By Sept. 8, 1901, two days after President William McKinley was shot by the anarchist Leon Czolgosz, “conspiracy theory” began popping up in the news. The theory here—that the shooting was an anarchist plot—was never proven. But it had some credibility, since Czolgosz admitted that he had been inspired by the writings of other anarchists.

For example, the headline “Conspiracy Theory Confirmed” appeared above a report that “an Italian” had been standing in front of Czolgosz until just before he fired the shots. (From a bulletin wired from London Sept. 8 and published the next day in the Adelaide Register in Australia.)

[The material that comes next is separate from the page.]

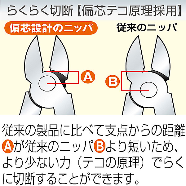 【特長】 ●偏芯テコ機能で従来製品よりも楽に切断できます。 ●落下防止コードが取付けできるシャックルが付いています。 ●圧着機能付きです。 ●黒金シリーズ 【仕様】 ●厚刃 ●切断能力(mm)ピアノ線:φ2.5 ●切断能力(mm)鉄線:φ4.0 ●切断能力(mm)銅線:φ5.0 ●全長(mm):208 ●切断能力(mm)VA線:φ2.0×3芯 ●ばね:無し ●質量:330.0g フジ矢 黒金シリーズ ジャンル 品 番 品 名 寸法mm ニッパ 770-175BG 電工名人強力ニッパ(ラウンド刃・黒金) 175 770-200BG 電工名人強力ニッパ(ラウンド刃・黒金) 200 7700N-175BG 電工名人偏芯薄刃ニッパ(黒金) 175 7700N-200BG 電工名人偏芯薄刃ニッパ(黒金) 200 ストリッパー FVA101-BG VA線ストリッパ(黒金) - モンキー FLP-38-BG パイレンモンキー(黒金・グリップ付) - FLT-34-BG 先薄モンキー(黒金・グリップ付) FLT-38-BG 先薄モンキー(黒金・グリップ付) - FLM-45-BG パワーモンキープライヤー(黒金) - FLA-28-BG ライトモンキー(黒金) - FLA-53-BG ライトモンキー(黒金) - FLS-28-BG ライトショートモンキー(黒金・グリップ付) - FLS-32-BG ライトショートモンキー(黒金・グリップ付) - FLS-43-BG ライトショートモンキー(黒金・グリップ付) - FLS-53-BG ライトショートモンキー(黒金・グリップ付) - プライヤー類 110-250S-BG ウォーターポンププライヤー(黒金・バネ付) 250 110-250SD-BG ウォーターポンププライヤー(黒金・バネ付・ドライバー付) 250 130-200-BG 超軽量ウォーターポンププライヤー(黒金) 200 130-250-BG 超軽量ウォーターポンププライヤー(黒金) 250 230-165-BG 超軽量コンビネーションプライヤー(黒金) 165 230-200-BG 超軽量コンビネーションプライヤー(黒金) 200 210-190-BG 薄型コンビネーションプライヤー(黒金・ベント) 190
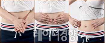 Step 1 납작 배 만드는 복부 마사지 1 손바닥을 비벼 손바닥의 체온을 올린 뒤 보디오일을 적당히 떨어뜨린다. 2 보디오일을 배 전체에 펴 바르고 배꼽을 중심으로 시계 방향으로 20~30회 반복해 둥글게 돌려 마사지한다. 3 배의 군살이 걱정된다면 손바닥과 손가락을 모두 사용해 군살을 움켜쥐고 강하게 주무른다. 최소한 같은 부위를 30초 이상 마사지하고 피부 깊숙한 곳을 자극할 수 있도록 당기듯이 주물러야 더욱 효과적이다. 피부를 세게 마찰하면 지방의 연소를 촉진시켜 효과가 더 좋다.

Citations in the OED haven’t yet caught up to these earlier sightings of “conspiracy theory.” The dictionary’s first example is from 1909:
“The claim that Atchison was the originator of the repeal may be termed a recrudescence of the conspiracy theory first asserted by Colonel John A. Parker of Virginia in 1880.” (From a review of a book, The Repeal of the Missouri Compromise, in the American Historical Review, July 1909.)
Published appearances of “conspiracy theory” continued right through the 20th century—with a spurt of activity after the JFK assassination—and on into our own time.

Along the way, a parallel term developed, “conspiracy theorist,” a noun phase that’s included in the OED and in standard dictionaries. Most don’t define it, however. An exception is the Cambridge Dictionary online: “someone who believes in a conspiracy theory.”

We haven’t found any examples of “conspiracy theorist” that predate the first citation given in the OED. It’s from the May 1, 1964, issue of the New Statesman:
“Conspiracy theorists will be disappointed by the absence of a dogmatic introduction.” (The comment was about a literary magazine’s transition to a broader coverage of the arts.)
Over the years, these terms have taken on a darker meaning. Today the “conspiracy” goes beyond the notion of someone’s acting with accomplices instead of alone. It also implies the involvement of entire governments or vast interests, not mere individuals.

Many of the OED’s citations reflect this broader use of “conspiracy theory,” like this one from the early 1950s:
“I call it the ‘conspiracy theory of society.’ It is the view that an explanation of a social phenomenon consists in the discovery of the men or groups who are interested in the occurrence of this phenomenon.” (From Karl Popper’s The Open Society and Its Enemies, rev. 2nd ed., 1952.)
And we found this early example from the 1970s of the wider meaning of “conspiracy theorist”:
“An invisible ‘supergovernment’ consisting of ‘organized crime, intelligence fronts, and war industry’ controls America, conspiracy theorist Rusty Rhodes told an audience of 250 last night in Cubberley Auditorium.” (The Stanford Daily, May 16, 1974.)
Rhodes, according to the article, went on to say that this “supergovernment … committed such wildly diverse acts as the assassination of President John Kennedy and the kidnaping [sic] of Patty Hearst.”

In short, the CIA did not invent the phrase “conspiracy theory.” And we’ve found no evidence that the agency tried to popularize it to make critics of the Warren Commission report look foolish.